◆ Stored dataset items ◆

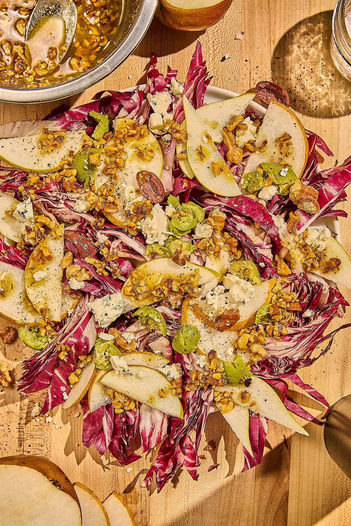 This irresistible salad features juicy pears, salty gorgonzola (or blue cheese), crunchy fennel, peppery arugula, sweet dried cherries and nutty walnuts.
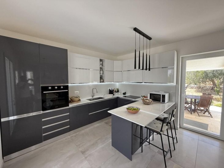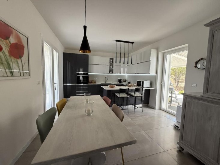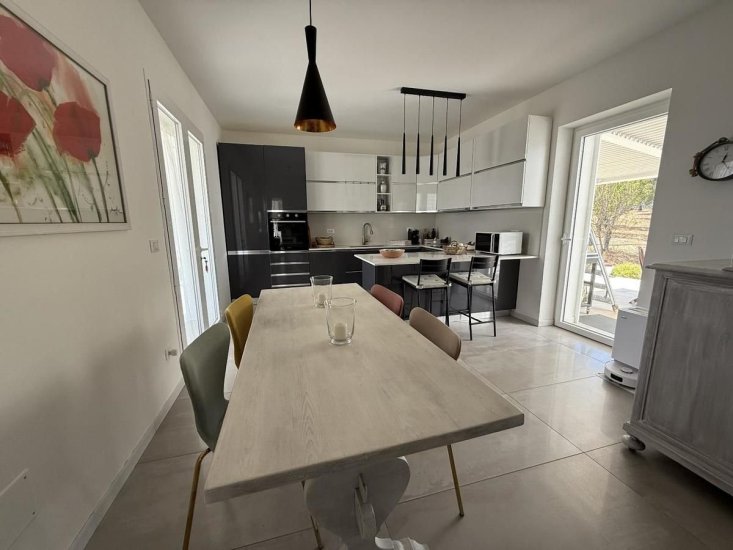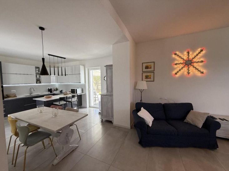 -Unità principale di nuova costruzione con soggiorno luminoso, stufa a pellet e cucina attrezzata con accesso a veranda e pergolato
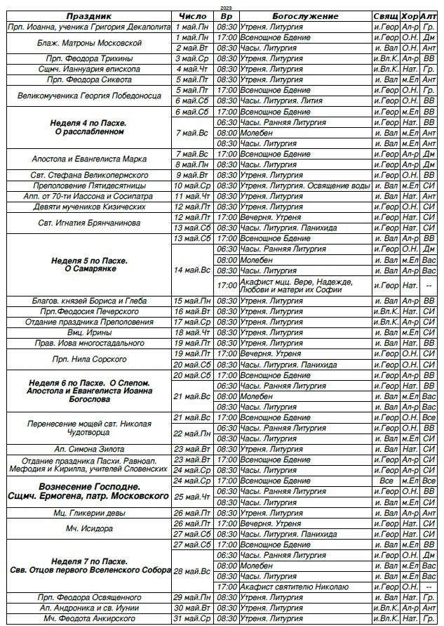 Расписание богослужений на май 2023 г.
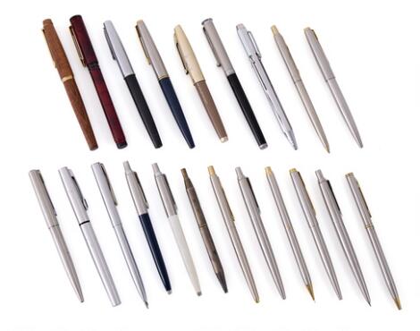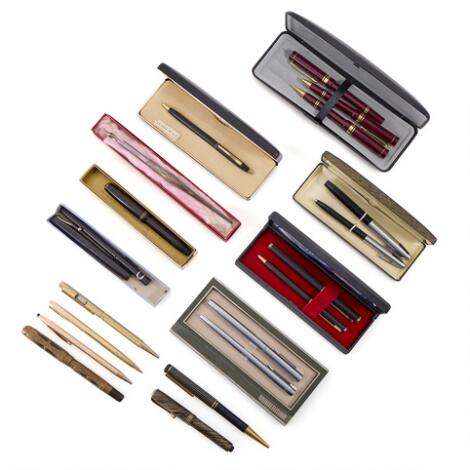 2545/1244Parker, Pilot m. fl.: En samling fylde- og kuglepenne samt trykblyanter, én med pennespids af 14 kt. guld. (21)
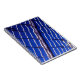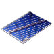 Color photograph of metal fence reflected on water w/ blue sky background.
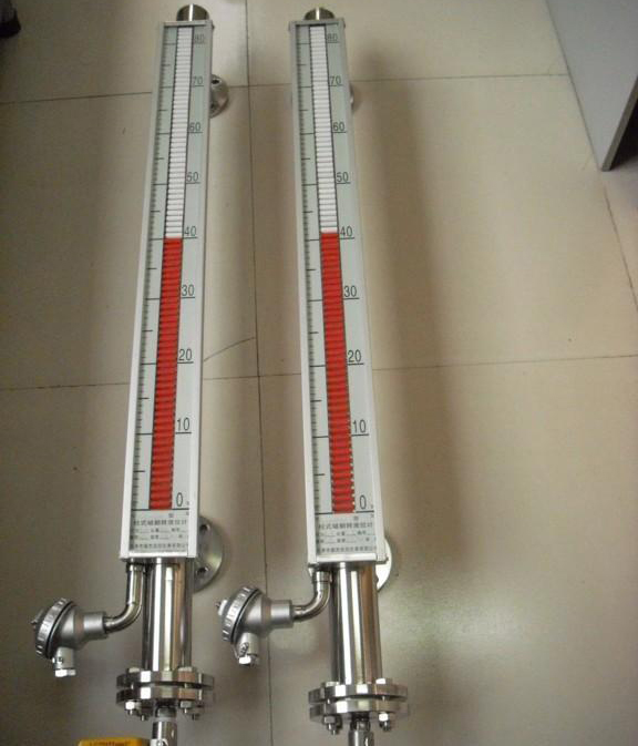 液位計(jì)根據(jù)浮力原理,浮子在測(cè)量管內(nèi)隨液位的升降而上下移動(dòng),浮子內(nèi)的永久磁鋼通過磁耦合作用,驅(qū)動(dòng)紅、白色翻柱翻轉(zhuǎn)180’液位上升時(shí),翻柱由白色轉(zhuǎn)為紅色,下降時(shí),翻柱由紅色轉(zhuǎn)為白色,從而實(shí)現(xiàn)液位的指示。
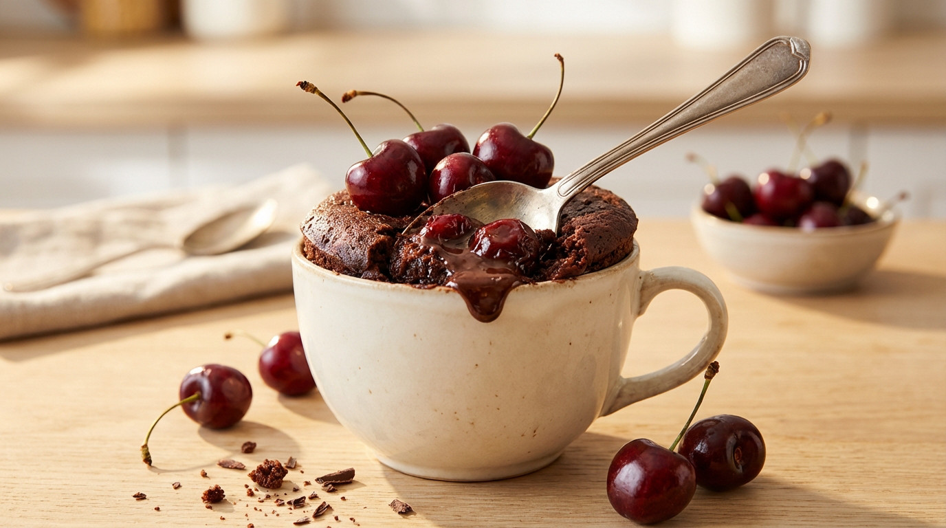 Mug cake chocolat cerise : recette légère prête en 2 min

◆ Required work ◆
Reproduce the entries above word for word. Pictures stay out.

◆ Solution to the problem ◆
 This irresistible salad features juicy pears, salty gorgonzola (or blue cheese), crunchy fennel, peppery arugula, sweet dried cherries and nutty walnuts.
 -Unità principale di nuova costruzione con soggiorno luminoso, stufa a pellet e cucina attrezzata con accesso a veranda e pergolato
 Расписание богослужений на май 2023 г.
 2545/1244Parker, Pilot m. fl.: En samling fylde- og kuglepenne samt trykblyanter, én med pennespids af 14 kt. guld. (21)
 Color photograph of metal fence reflected on water w/ blue sky background.
 液位計(jì)根據(jù)浮力原理,浮子在測(cè)量管內(nèi)隨液位的升降而上下移動(dòng),浮子內(nèi)的永久磁鋼通過磁耦合作用,驅(qū)動(dòng)紅、白色翻柱翻轉(zhuǎn)180’液位上升時(shí),翻柱由白色轉(zhuǎn)為紅色,下降時(shí),翻柱由紅色轉(zhuǎn)為白色,從而實(shí)現(xiàn)液位的指示。
 Mug cake chocolat cerise : recette légère prête en 2 min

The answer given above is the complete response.